→ **Directions for this task**
Nothing but the lines from the one with "CNC Cutting Platform" through the end of the data should be set down, each exactly as written, and no picture should be included.

**** The data

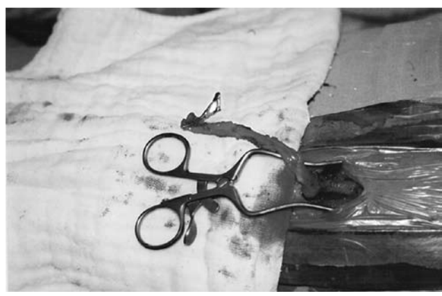
Fig. 2. Distal and mid part of the radial artery was harvested through the mid-forearm incision.

the radial artery were clipped and cut. The radial artery was not manipulated. Following heparin injection, distal end of the radial artery was cut and brought to the midforearm incision and diluted papaverine was injected by a silastic cannula as in the same way in the open method (Fig. 2). Three minutes later, radial artery flow was controlled. Then, proximal end of radial artery was doubly clipped and cut from the mid-forearm incision. In the postoperative period, the patients were observed for hematoma, neurologic deficits and incisional healing problems in donor extremities. Control coronary angiographies were performed to check graft patency.
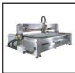
CNC Cutting Platform
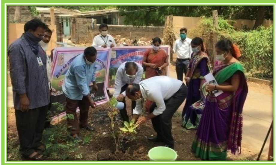
On the Occasion of World Environment Day College Principal planted Saplings in the campus

********

→ **Problem solution**
CNC Cutting Platform
On the Occasion of World Environment Day College Principal planted Saplings in the campus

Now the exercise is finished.